Before: KEITH and BATCHELDER, Circuit Judges, and JOINER, Senior District Judge.* 

ORDER

Michael Meehan, a pro se Tennessee prisoner, appeals a district court order dismissing his civil rights complaint filed pursuant to 42 U.S.C. §§ 1983, 1985, and 1988. The case has been referred to a panel of the court pursuant to Rule 9(a), Rules of the Sixth Circuit. Upon examination, this panel unanimously agrees that oral argument is not needed. Fed. R. App. P. 34(a).

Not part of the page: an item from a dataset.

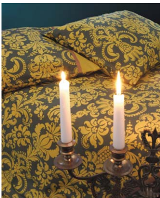
Finlaysonin Klubi-liinavaate-asettiin on haettu vaikutteita barokin loisteesta.

Seeking monetary relief, Meehan sued his court appointed defense counsel, a prosecutor, police officers, and a state court judge for allegedly conspiring to induce him to plead guilty to unidentified criminal charges. He did not state in what capacity he sued the state officials. Meehan alleged that his attorney conspired with police by agreeing not to challenge a "clearly" unlawful arrest and that counsel knew Meehan was incompetent to enter a plea because he was under medication at the time the plea was entered.

The district court granted Meehan's motion to proceed in forma pauperis; however, it dismissed the complaint as frivolous pursuant to 28 U.S.C. § 1915(d). In his timely appeal, Meehan contends that the district court erred in dismissing his complaint because he was not challenging the length of his confinement; therefore, the complaint should not have been construed as a request for habeas relief. Meehan also argues that the district court failed to consider his allegations of intentional misconduct by his appointed counsel. He requests the appointment of counsel and oral argument.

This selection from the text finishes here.